Case No. UKUT-00286-(IAC)
Upper Tribunal Immigration and Asylum Chamber

Case No. UKUT-00286-(IAC)

Fecha: 18-Mar-2016

The analysis

50. Having set out the legal principles that are engaged, it is as well to recap the scope of the issues before the Upper Tribunal. The appellant, now aged 27, had spent some 3½ years at a Madrasa in Afghanistan prior to his coming to the United Kingdom. He was encountered by immigration officials on 8 January 2007, aged 17 or 18, concealed in the back of a lorry and was notified of his liability to be removed. His asylum claim was refused on 29 May 2007 and his appeal rights became exhausted in October 2007. In February 2011, the appellant sought judicial review of the respondent’s refusal to treat his further submissions as a fresh claim.

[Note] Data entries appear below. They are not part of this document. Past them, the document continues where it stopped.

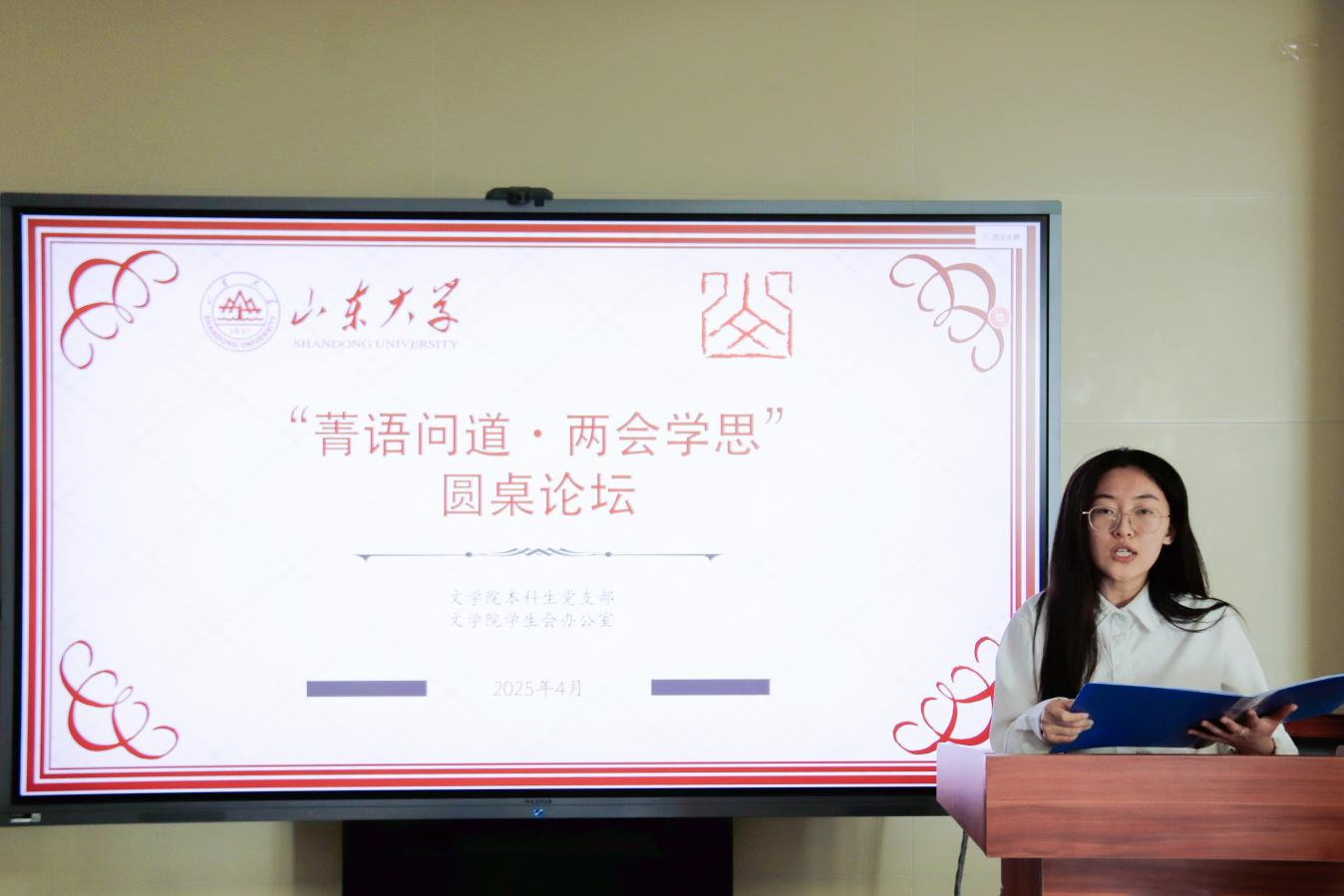 会议伊始,李怡彤简要介绍了本次论坛的举办背景与讨论目标。她阐述了本次论坛的研讨主题,说明讨论内容聚焦两会精神、关注时代热点,并涵盖思政教育、文化传承、文学创作和中外交流等多个重要领域。她表示,各位同学应以此次论坛为契机,学思践悟两会精神,坚定理想信念、勇于担当作为、砥砺奋进向前,为实现中华民族伟大复兴的中国梦持续奋斗。
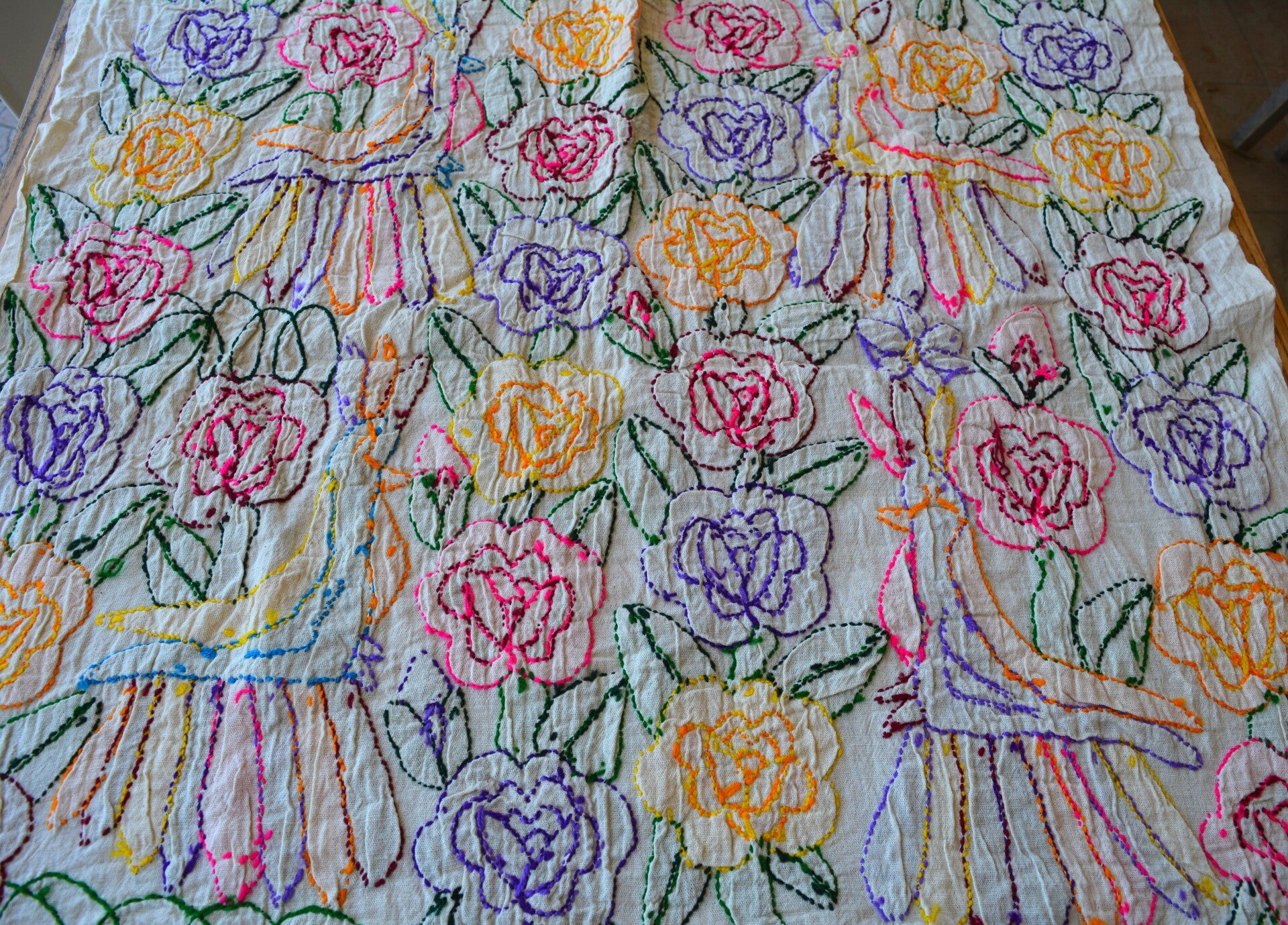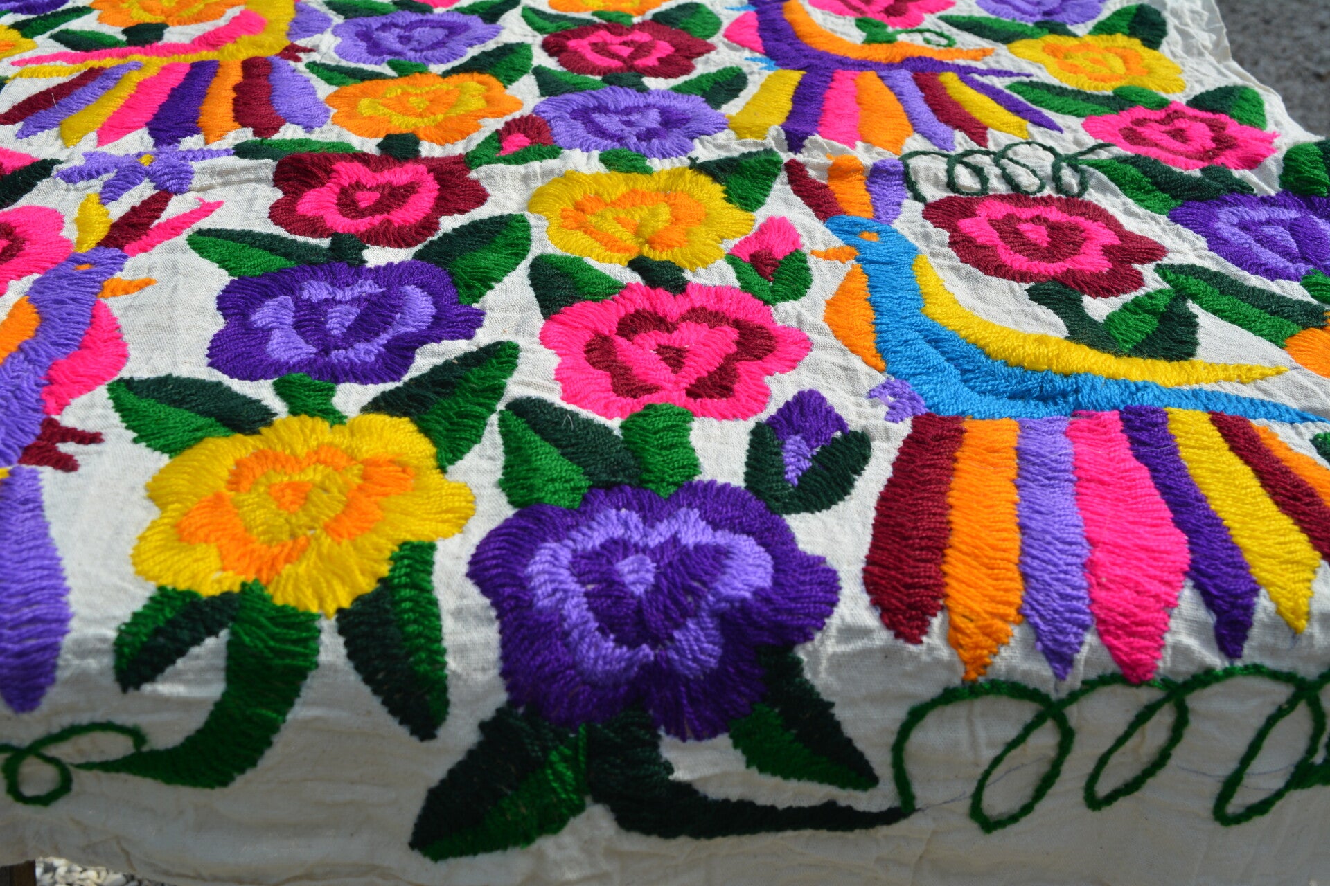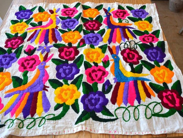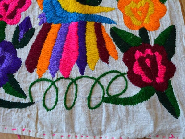Instant joy is upon you, looking at this flamboyant and exotic piece of hand embroidered textile! An explosion of color in the embroidery work, featuring flowers and 4 birds with a sturdy crest and spread wings (reminding me of the hoopoo); effected in course woolen yarn on a lightweight cotton/linen sheeting in ecru. Two edges are handstitched in pink and the size is roughly 80 x 88 cm. I can see it hanging on the wall, or made into a big cushion with plain back, or even as curtain for a small window. Picked it up in Italy, don't know its background though.
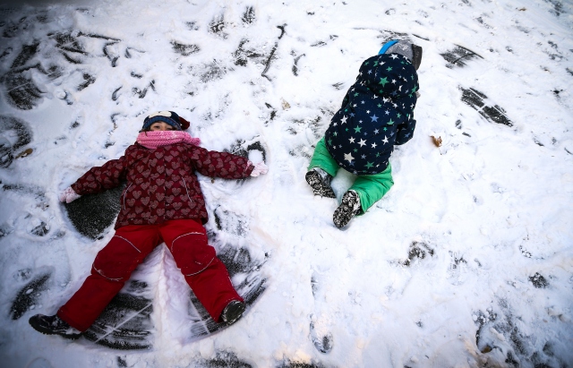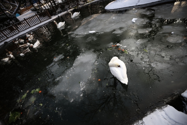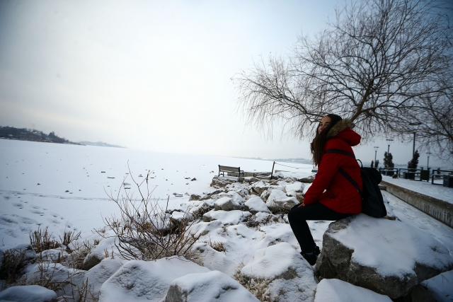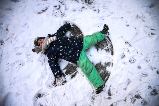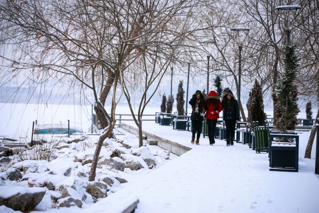 Ankara'da gece başlayan kar yağışının ardından kent beyaza büründü. Bazı çocuklar, Kuğulu Parka gelerek karın keyfini çıkardı.
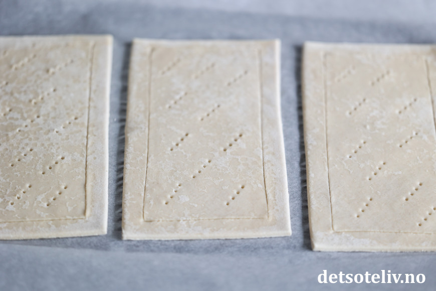 Bruk en liten, skarp kniv til risse en tynn kant på innsiden av hver firkant. Det er ikke meningen at man skal skjære helt igjennom deigen, kun lage et snitt som markerer kanten ca. 1 cm innenfor ytterkanten. Prikk butterdeigsplatene med en gaffel.
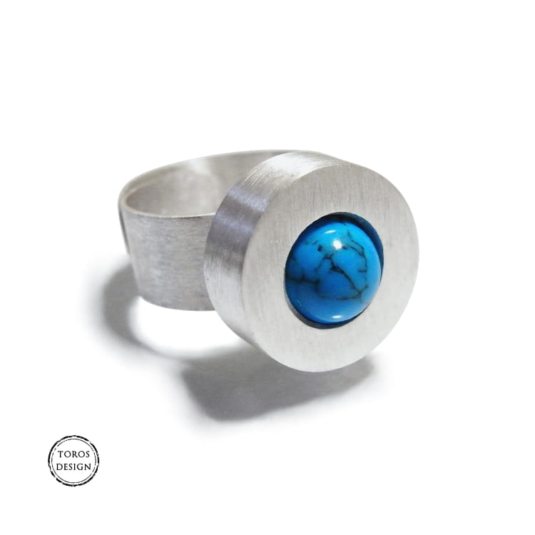 Pierścionek zachowany w oryginalnym i prostym stylu. Prosta forma i wyrazisty kolor turkusu sprawiają, że będzie idealną ozdobą dla kobiet lubiących nietypowe ozdoby.
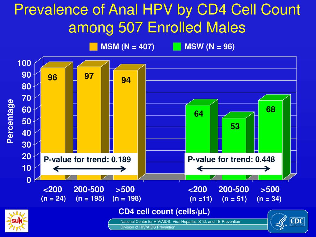 Prevalence of Anal HPV by CD4 Cell Count among 507 Enrolled Males MSW (N = 96) MSM (N = 407) (n = 24) (n = 195) (n = 198) (n =11) (n = 51) (n = 34) CD4 cell count (cells/µL) P-value for trend: 0.448 P-value for trend: 0.189
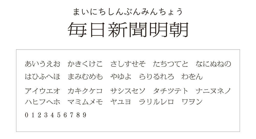 毎日新聞社が新聞本文組用に開発した書体です。親しみやすく、知的な印象を与えます。
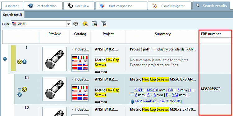 Im Suchergebnis will man z.B. sehen, wie viele Bohrungen Teile haben, weil man das in der Vorschau evtl. nicht erkennen kann oder man möchte beispielsweise standardmäßig die Längste Ausdehnung [Largest dimension], Mittlere Ausdehnung [Middle dimension] und Kürzeste Ausdehnung [Shortest dimension] sehen.
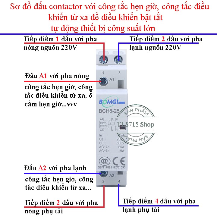 Giới thiệu Contactor 63A/220V 2NO BOMGI mini làm tiếp điểm phụ cho công tắc hẹn giờ, công tắc điều khiển từ xa, công tắc wifi
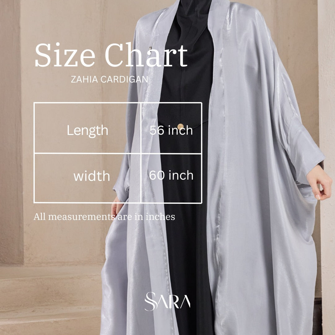 Experience our latest addition to our Raya Collection: Zahia Shimmer Cardigan. A masterpiece designed to elevate your look this Eid. Featuring an open style abaya concept with soft to the touch premium shimmer silk fabric. Indulge in the perfect flow of this grand piece, featuring all new colours from a classy bronze to a show stopping burnt orange, guaranteed to be your new favourites. Dress it casually with jeans and your favourite top or dress it up with a staple inner dress!
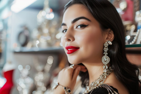 Young woman trying on elegant vintage jewelry at pawn shop counter.

Those were summarily refused on 1 June 2011, it being thought that the respondent’s decision-making process had been lawful and that the proceedings were bound to fail. I am now bound to consider his claim under Article 9. 51. The appellant’s personal claim to avoid removal was (and remains) hampered by this poor immigration history. Attention therefore focuses on the intervention of the Afghanistan Islamic Cultural Centre (AICC) and the effect that the appellant’s removal will have on it as an a organisation and as acting on behalf of the Afghan Muslim community in the United Kingdom, and London in particular. 52. This decision requires consideration to be given to the following elements: (i)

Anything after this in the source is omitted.